Last summer, a competition was launched called the World Cup of South London Parks. The format was knockout, pitting 32 of south London’s finest green spaces against each other (voted for in Twitter polls) until only one remained standing. Perhaps because there was so little actual sport on, this World Cup proved to be tribal and unexpectedly gripping. There were the big beasts: Wimbledon Common with its Wombles; Greenwich Park, a world heritage site no less; and Richmond Park with its rutting stags. Also, plucky underdogs: Peckham Rye and Archbishop’s Park, with its terrifying 225-metre zip wire.
Crystal Palace Park, though, destroyed this formidable field. First-time visitors to the 200 acres of rolling parkland between Sydenham and Penge might be a little bemused by this result. Go on a Sunday and the loudest noise will not be birdsong, but the droning buzz of the radio-controlled model-car racing club, which occupies prime real estate in the centre.

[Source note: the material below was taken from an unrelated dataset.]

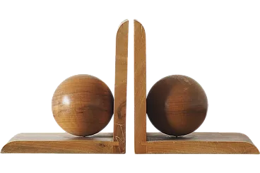 I poggia libri in legno sono un elemento decorativo elegante e funzionale che svolge un ruolo sia pratico che estetico in qualsiasi interno. Realizzato in legno massiccio e liscio, il set di supporti trasmette un'estetica senza tempo e di naturale bellezza I supporti per libri, con le loro forme geometriche combinano con enfasi forme morbide e arrotondate con linee rette coerenti per creare due oggetti decorativi. Decorazione interna di grande effetto, conservata in condizioni originali, con una patina delicata.
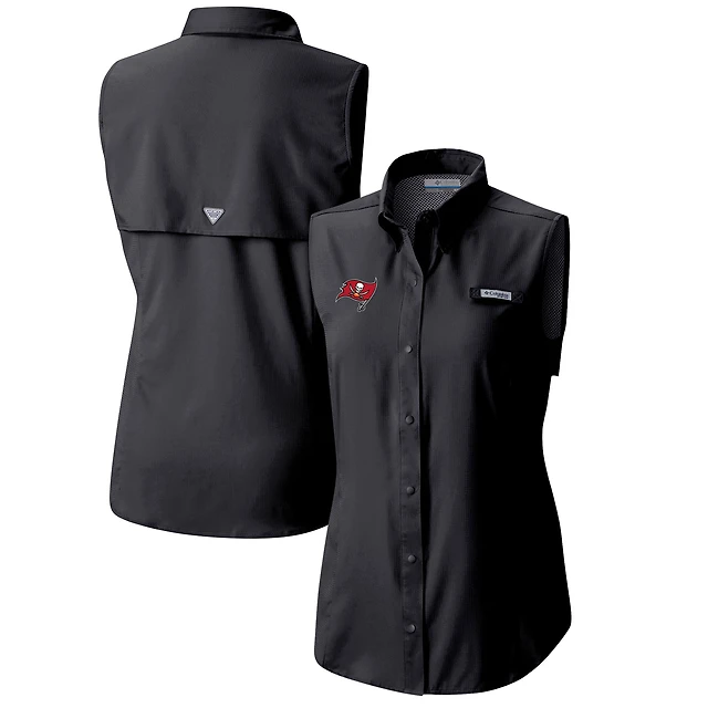 Chemise boutonnée sans manches Columbia noire Tampa Bay Buccaneers PFG Tamiami Omni-Shade pour femme

Even impassioned fans of Crystal Palace Park have to concede that this is a space whose halcyon days are bygone. It’s a place whose landmarks and achievements are qualified by the words “used to”. It used to be the UK’s top tourist destination, when the original glass and iron structure after which it is named – which was 563 metres long and three times the size of St Paul’s cathedral – was moved here in 1854, after dropping jaws at the Great Exhibition in Hyde Park in 1851. In its first year, the Palace of the People, as it was known, welcomed six million visitors, at a time when the population of the UK was only 18 million.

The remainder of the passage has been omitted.